To: E_K_S who wrote (51038)3/5/2013 11:27:29 PM
From: Jim P.  Respond to of 78618
 
EKS
I follow APL very closely. Recent contract change with SD and decline in oil prices putting a little pressure on the heavy end of the NGL barrel have led to some price weakness.
Still think that APL will be at a $3.00 distribution rate by 4th Q 2013 and may be a little higher. Market not appreciating the growing NGL's in the Permian vs the contract change with SD. Permian barrels restricted by take away capacity just like the Mississippi barrels of SD. Difference in NGL barrels 30% ethane in Texas and 50% ethane in Oklahoma. Much more valuable barrels in the Permian.
APL should be priced for 7% or less with the growth cycle in the Permian (Pioneer) and OK (SD) so I expect $42 or higher by the end of the year on a sustainable run rate distribution. Funny how MLP's yield while based on growth expectations generally do not move up in price until the distribution increase is staring investors in the eyes.
I am thinking of adding to my already large position at the current prices.
The last conference call eluded to more growth via purchase of assets. Very unlike Dubay to be so enthusiastic so something accretive is in the works. I hope it is a Permian acquisition that is bold on but do not have a clue.

Jim



To: E_K_S who wrote (51038)11/19/2013 1:36:03 PM
From: E_K_S  Read Replies (2) | Respond to of 78618
 
Atlas Pipeline Partners, L.P. (NYSE: APL) - Increased position by 60% w/ my buy today @ $35.21/share

This is on of Citi's top picks in the gathering and processing segments of the midstream natural gas industry.

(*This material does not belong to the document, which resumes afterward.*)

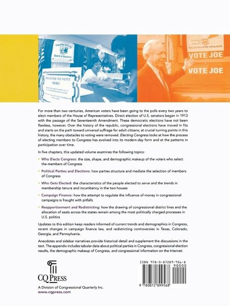 This companion guide to the celebrated How Congress Works delivers a solid, broad-based introduction to how American voters elect their representatives. Historical perspective covers how the process has changed throughout our country's history, as one barrier to voting after another has fallen to pressure for wider suffrage. In Electing Congress, CQ's election experts examine why only half of those who are eligible to vote actually exercise their franchise in major elections, and even fewer in off years without a presidential contest. They present a coherent picture of the demographic makeup of Congress, the direction of political parties, campaign financing, reapportionment and redistricting. Electing Congress is the easy-to-read and authoritative source that covers the essentials in every aspect of how America elects its legislators.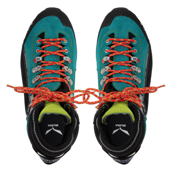 Una bota de montañismo alpino para mujer a través de Ferrata y raquetas de nieve con una parte superior de ante Perwanger y protección impermeable GORE-TEX® Performance Comfort.

From their recent report dated 12/7/2013:

Longer-term prospects for APL remain attractive due to its growing footprint in the liquids-rich Permian and Eagle Ford basins that continue to see robust producer activity. Also, in the Midcon region, drilling activity seems to be improving. Despite a lower rig count in its targeted basins, well counts have actually risen. The 3Q well count was up 8.8% while rig count was down 3.6%, indicating improving producer efficiencies. Thus, we would expect APL’s Midcon operations to show some improvement sequentially in 4Q. Next year APL should benefit from processing capacity addition of 520 MMcf/d (~34% growth from current levels).


They have a target price of $44.00/share 25% higher from the current price of $35.34/share.